[Data extracted from a collection]
########################################
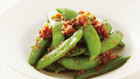 スナップえんどうは両側の筋を除く。フライパンにサラダ油を中火で熱し、**1** を入れてサッと炒める。【A】を順に加え、削り節の1/2量を加えて混ぜ、ふたをして3~4分間煮る。ふたを外し、汁けがほとんどなくなるまで煮詰める。残りの削り節を加えて混ぜる。 ・スナップえんどう 20~25コ・削り節 1袋・サラダ油 大さじ1/2・水 大さじ2~3・酒 大さじ1・みりん 大さ・・・ 調理時間:約10分 カロリー:約110kcal
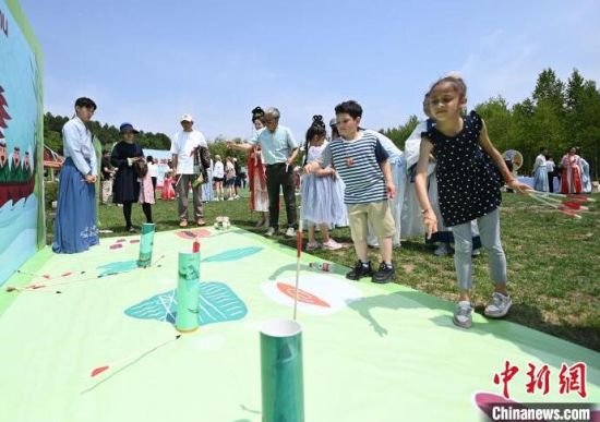 外國(guó)小朋友正在玩“投壺”游戲 張瑤 攝
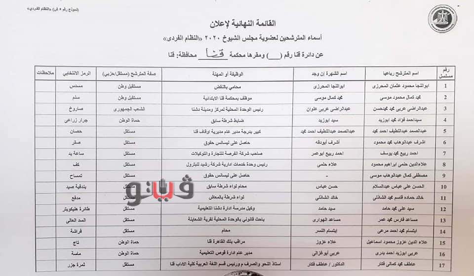 أعلنت محكمة قنا الابتدائية في محافظة قنا، القوائم النهائية للمرشحين الفرديين بعد اضافة مرشح حزب النور، الذي قبل طعنه من خلال حكم محكمة القضاء الإداري.
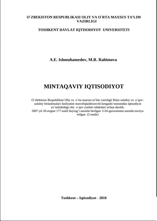 iqtisоdiyot nаzаriyasi vа аmаliyoti bilаn shug`ullаnаyotgаn mutахаssislаr uchun mo`ljаllаngаn.
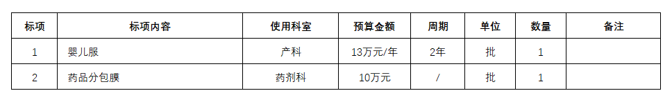 按照医院后勤物资采购计划,现需采购一批婴儿服和药品分包膜等物资,请符合资质的供应商积极参与。
########################################
Assigned task:
Make an exact copy of the data, leaving its pictures out.

Response:
 スナップえんどうは両側の筋を除く。フライパンにサラダ油を中火で熱し、**1** を入れてサッと炒める。【A】を順に加え、削り節の1/2量を加えて混ぜ、ふたをして3~4分間煮る。ふたを外し、汁けがほとんどなくなるまで煮詰める。残りの削り節を加えて混ぜる。 ・スナップえんどう 20~25コ・削り節 1袋・サラダ油 大さじ1/2・水 大さじ2~3・酒 大さじ1・みりん 大さ・・・ 調理時間:約10分 カロリー:約110kcal
 外國(guó)小朋友正在玩“投壺”游戲 張瑤 攝
 أعلنت محكمة قنا الابتدائية في محافظة قنا، القوائم النهائية للمرشحين الفرديين بعد اضافة مرشح حزب النور، الذي قبل طعنه من خلال حكم محكمة القضاء الإداري.
 iqtisоdiyot nаzаriyasi vа аmаliyoti bilаn shug`ullаnаyotgаn mutахаssislаr uchun mo`ljаllаngаn.
 按照医院后勤物资采购计划,现需采购一批婴儿服和药品分包膜等物资,请符合资质的供应商积极参与。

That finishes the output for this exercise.